Я не сильно стремился пускаться в разговор с представителем компартии и, желая сосредоточиться, стал внимательно слушать, что говорил корреспондент «Манифесто», который развернулся ко мне вполоборота, своему соседу, худенькому брюнету, в котором из-за его усов и крашенных волос я как-то не сразу узнал Армандо. Тот спрашивал у него, откуда он столько знает про Вальтера Туччи. «Так он мой брат!» – с гордостью ответил юноша. «Какой он тощий!» – заметил его собеседник. «У него всегда было слабое здоровье. Он на самом деле чуть не умер, когда родился.

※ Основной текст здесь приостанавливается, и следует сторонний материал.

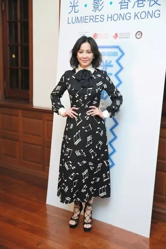 刘嘉玲身穿Saint Laurent 2016早秋系列黑色音符印花套装,系黑色蝴蝶结,脚踩黑色绑带厚水台高跟凉鞋。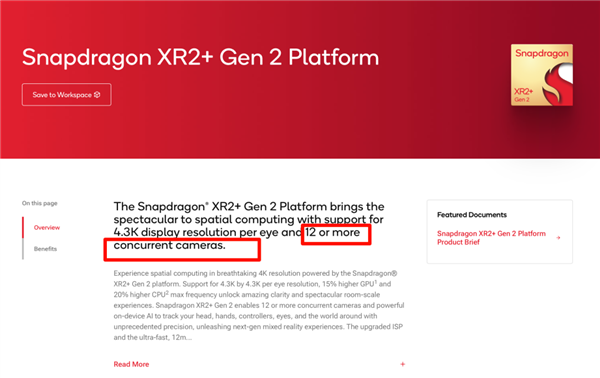 只看 CPU GPU,XR 系列的芯片性能确实一般,但是 XR 2+ Gen2 最多能同时处理 12 路视频流数据,正好能对上XR,尤其是 MR头显要处理多路视频流的需求。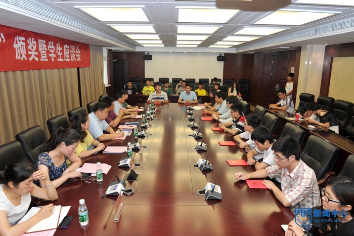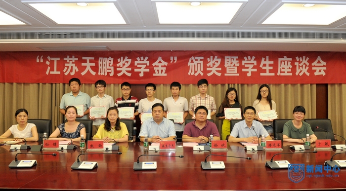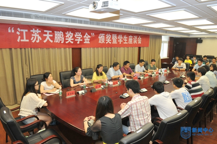 6月24日下午,2013年度“江苏天鹏奖学金”颁奖暨学生座谈会在我校江浦校区行政楼104会议室举行,江苏天鹏石化特种工程有限公司轮值执行总裁徐斌、副总裁端木凌杰、总裁办副主任朱云莅临出席,我校相关学院党委副书记、辅导员、全体获奖学生及学生代表参加会议,活动由学生处副处长潘运军主持。

Он – продукт первых антибиотиков, завезенных американцами». «Вот бы они удивились!» – прокомментировал с усмешкой бородач с пиратской рожей. Армандо принялся хихикать вместе с ним.

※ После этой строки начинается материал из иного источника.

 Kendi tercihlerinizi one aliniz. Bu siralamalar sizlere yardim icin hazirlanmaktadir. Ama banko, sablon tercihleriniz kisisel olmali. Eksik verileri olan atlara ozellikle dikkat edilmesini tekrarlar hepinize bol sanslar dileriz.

Закрывшись платком, я бросил взгляд на бледное и впалое лицо замдиректора «Лотта континуа». «Он чуть не умер, едва родившись». Он не умер, но всюду, где бы ни появился, он источал замогильную бледность и высокомерность. Инстинкт мертвеца, который природа вписала в его гены, но который обманула наука, излучал на его безучастном лице нечеловечески холодное сияние. Если бы все спасенные с помощью пенициллина новорожденные были похожи на него, тогда, подумал я, лучше бы американцы, вместо того чтобы завозить нам этот подарок в нагрузку к «Колгейту» и «Кока-коле», отвели детской смертности ту роль, которая была уготована ей самим Творением.
Потом мне стало стыдно за эту мысль. Находившийся здесь Вальтер Туччи был глашатаем всех тех, кто требовал правосудия: знак того, что перейдя от литературы к политике, он обратил свою страсть к праздным спорам в мужественную идеологическую позицию. «Воробьи» Группы 63 измазали дерьмом стены моей квартиры, но сегодня речь шла о мести за убитого человека. Моя мама справилась пакетом моющего средства, а вдова железнодорожника вряд ли сможет смыть кровь своего мужа.
Укрепившись подобными рассуждениями, я поднял голову и принялся разглядывать Вальтера Туччи, пытаясь убедить себя, что его длинные волосы были не данью моде, а вызовом личного характера бритым затылкам министров христианско-демократической партии и бюрократов из префектуры; что его маоистский френч свидетельствовал не о его презрении к демократическим ценностям, а напротив защищал как броня их поборника, для которого эти доспехи имели не поверхностное значение; и что его взгляд, которым он с отстраненным видом обводил зал поверх толпы, выражал не горделивое удовлетворение фанатика, замкнутого на самом себе, а сосредоточенную волю, необходимую для битвы с убийцами Пинелли.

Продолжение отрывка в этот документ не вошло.